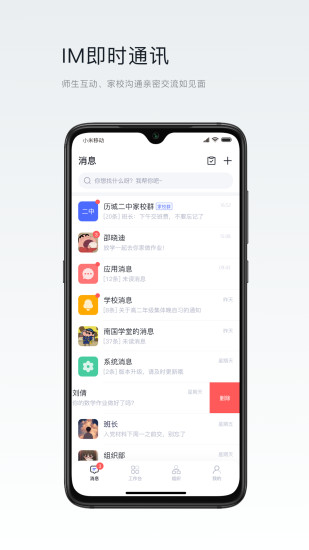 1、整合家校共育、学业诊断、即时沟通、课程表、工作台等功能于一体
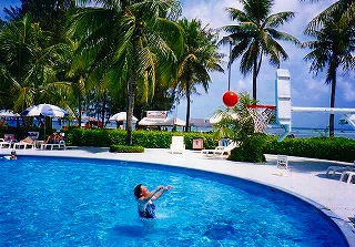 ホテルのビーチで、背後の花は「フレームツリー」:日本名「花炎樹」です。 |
* * *
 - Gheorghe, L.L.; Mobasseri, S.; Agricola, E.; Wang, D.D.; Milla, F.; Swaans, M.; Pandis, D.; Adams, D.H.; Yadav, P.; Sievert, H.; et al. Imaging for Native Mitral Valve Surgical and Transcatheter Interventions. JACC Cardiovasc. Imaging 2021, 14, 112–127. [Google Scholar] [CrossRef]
==
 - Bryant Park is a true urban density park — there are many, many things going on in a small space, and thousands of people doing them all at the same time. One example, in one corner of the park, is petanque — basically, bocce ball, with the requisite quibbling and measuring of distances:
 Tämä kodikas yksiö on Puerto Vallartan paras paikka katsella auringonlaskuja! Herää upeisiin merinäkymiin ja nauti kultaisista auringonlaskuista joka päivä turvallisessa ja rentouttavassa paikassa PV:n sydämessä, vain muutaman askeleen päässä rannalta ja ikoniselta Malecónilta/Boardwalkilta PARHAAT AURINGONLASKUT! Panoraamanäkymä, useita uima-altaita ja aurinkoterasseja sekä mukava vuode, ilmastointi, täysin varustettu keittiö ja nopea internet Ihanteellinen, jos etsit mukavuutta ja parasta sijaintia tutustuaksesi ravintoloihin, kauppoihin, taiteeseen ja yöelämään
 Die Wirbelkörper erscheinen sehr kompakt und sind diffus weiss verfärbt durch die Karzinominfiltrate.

> [ACTIVITY]: Copy word for word only the lines above from the one with "1、整合家校共育、学业诊断、即时沟通、课程表、工作台等功能于一体" through the one with "ホテルのビーチで、背後の花は「フレームツリー」:日本名「花炎樹」です。 |". Leave pictures out.

> [TASK ANSWER]:
 1、整合家校共育、学业诊断、即时沟通、课程表、工作台等功能于一体
 ホテルのビーチで、背後の花は「フレームツリー」:日本名「花炎樹」です。 |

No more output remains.